Extracted records
* * * * * * * * *
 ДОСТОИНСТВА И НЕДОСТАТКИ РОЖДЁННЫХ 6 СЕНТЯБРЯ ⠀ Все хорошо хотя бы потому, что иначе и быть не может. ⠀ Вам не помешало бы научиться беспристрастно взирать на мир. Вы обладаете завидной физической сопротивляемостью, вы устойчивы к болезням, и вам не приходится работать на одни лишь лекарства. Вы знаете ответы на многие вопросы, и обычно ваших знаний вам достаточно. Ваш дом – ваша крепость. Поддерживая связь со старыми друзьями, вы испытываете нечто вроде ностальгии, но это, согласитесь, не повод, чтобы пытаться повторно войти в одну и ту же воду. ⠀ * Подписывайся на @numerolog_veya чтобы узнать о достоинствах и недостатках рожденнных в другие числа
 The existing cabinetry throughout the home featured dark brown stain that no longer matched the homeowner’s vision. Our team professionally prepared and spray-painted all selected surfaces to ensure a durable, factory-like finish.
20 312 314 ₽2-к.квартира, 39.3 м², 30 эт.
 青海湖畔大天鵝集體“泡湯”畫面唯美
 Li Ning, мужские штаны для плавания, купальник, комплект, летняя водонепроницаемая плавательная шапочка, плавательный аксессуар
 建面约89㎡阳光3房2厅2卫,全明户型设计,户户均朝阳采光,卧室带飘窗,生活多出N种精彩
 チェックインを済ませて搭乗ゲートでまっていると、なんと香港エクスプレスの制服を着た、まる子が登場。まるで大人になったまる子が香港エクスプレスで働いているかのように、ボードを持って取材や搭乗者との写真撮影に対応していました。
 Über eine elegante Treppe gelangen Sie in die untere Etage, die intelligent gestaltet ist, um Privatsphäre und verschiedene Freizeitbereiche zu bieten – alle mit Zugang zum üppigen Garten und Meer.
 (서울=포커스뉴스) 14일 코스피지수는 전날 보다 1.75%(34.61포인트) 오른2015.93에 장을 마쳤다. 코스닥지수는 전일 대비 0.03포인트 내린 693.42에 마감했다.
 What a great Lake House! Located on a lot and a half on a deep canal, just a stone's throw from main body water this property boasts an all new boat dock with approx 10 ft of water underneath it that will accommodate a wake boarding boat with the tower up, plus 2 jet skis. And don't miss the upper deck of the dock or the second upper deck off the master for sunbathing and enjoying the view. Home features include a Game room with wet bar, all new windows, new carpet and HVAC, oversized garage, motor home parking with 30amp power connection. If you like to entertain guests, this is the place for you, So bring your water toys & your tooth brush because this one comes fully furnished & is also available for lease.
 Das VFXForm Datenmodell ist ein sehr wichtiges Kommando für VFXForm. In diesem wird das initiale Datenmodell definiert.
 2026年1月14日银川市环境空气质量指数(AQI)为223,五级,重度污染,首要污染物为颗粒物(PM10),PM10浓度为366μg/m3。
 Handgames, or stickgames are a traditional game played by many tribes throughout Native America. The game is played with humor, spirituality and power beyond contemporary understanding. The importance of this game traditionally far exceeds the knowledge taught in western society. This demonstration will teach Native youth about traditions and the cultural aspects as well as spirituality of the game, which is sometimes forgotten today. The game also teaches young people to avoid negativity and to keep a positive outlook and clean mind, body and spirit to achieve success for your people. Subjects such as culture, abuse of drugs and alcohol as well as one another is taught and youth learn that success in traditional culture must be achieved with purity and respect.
* * * * * * * * *
The entries are to be repeated exactly, with nothing altered.

 ДОСТОИНСТВА И НЕДОСТАТКИ РОЖДЁННЫХ 6 СЕНТЯБРЯ ⠀ Все хорошо хотя бы потому, что иначе и быть не может. ⠀ Вам не помешало бы научиться беспристрастно взирать на мир. Вы обладаете завидной физической сопротивляемостью, вы устойчивы к болезням, и вам не приходится работать на одни лишь лекарства. Вы знаете ответы на многие вопросы, и обычно ваших знаний вам достаточно. Ваш дом – ваша крепость. Поддерживая связь со старыми друзьями, вы испытываете нечто вроде ностальгии, но это, согласитесь, не повод, чтобы пытаться повторно войти в одну и ту же воду. ⠀ * Подписывайся на @numerolog_veya чтобы узнать о достоинствах и недостатках рожденнных в другие числа
 The existing cabinetry throughout the home featured dark brown stain that no longer matched the homeowner’s vision. Our team professionally prepared and spray-painted all selected surfaces to ensure a durable, factory-like finish.
20 312 314 ₽2-к.квартира, 39.3 м², 30 эт.
 青海湖畔大天鵝集體“泡湯”畫面唯美
 Li Ning, мужские штаны для плавания, купальник, комплект, летняя водонепроницаемая плавательная шапочка, плавательный аксессуар
 建面约89㎡阳光3房2厅2卫,全明户型设计,户户均朝阳采光,卧室带飘窗,生活多出N种精彩
 チェックインを済ませて搭乗ゲートでまっていると、なんと香港エクスプレスの制服を着た、まる子が登場。まるで大人になったまる子が香港エクスプレスで働いているかのように、ボードを持って取材や搭乗者との写真撮影に対応していました。
 Über eine elegante Treppe gelangen Sie in die untere Etage, die intelligent gestaltet ist, um Privatsphäre und verschiedene Freizeitbereiche zu bieten – alle mit Zugang zum üppigen Garten und Meer.
 (서울=포커스뉴스) 14일 코스피지수는 전날 보다 1.75%(34.61포인트) 오른2015.93에 장을 마쳤다. 코스닥지수는 전일 대비 0.03포인트 내린 693.42에 마감했다.
 What a great Lake House! Located on a lot and a half on a deep canal, just a stone's throw from main body water this property boasts an all new boat dock with approx 10 ft of water underneath it that will accommodate a wake boarding boat with the tower up, plus 2 jet skis. And don't miss the upper deck of the dock or the second upper deck off the master for sunbathing and enjoying the view. Home features include a Game room with wet bar, all new windows, new carpet and HVAC, oversized garage, motor home parking with 30amp power connection. If you like to entertain guests, this is the place for you, So bring your water toys & your tooth brush because this one comes fully furnished & is also available for lease.
 Das VFXForm Datenmodell ist ein sehr wichtiges Kommando für VFXForm. In diesem wird das initiale Datenmodell definiert.
 2026年1月14日银川市环境空气质量指数(AQI)为223,五级,重度污染,首要污染物为颗粒物(PM10),PM10浓度为366μg/m3。
 Handgames, or stickgames are a traditional game played by many tribes throughout Native America. The game is played with humor, spirituality and power beyond contemporary understanding. The importance of this game traditionally far exceeds the knowledge taught in western society. This demonstration will teach Native youth about traditions and the cultural aspects as well as spirituality of the game, which is sometimes forgotten today. The game also teaches young people to avoid negativity and to keep a positive outlook and clean mind, body and spirit to achieve success for your people. Subjects such as culture, abuse of drugs and alcohol as well as one another is taught and youth learn that success in traditional culture must be achieved with purity and respect.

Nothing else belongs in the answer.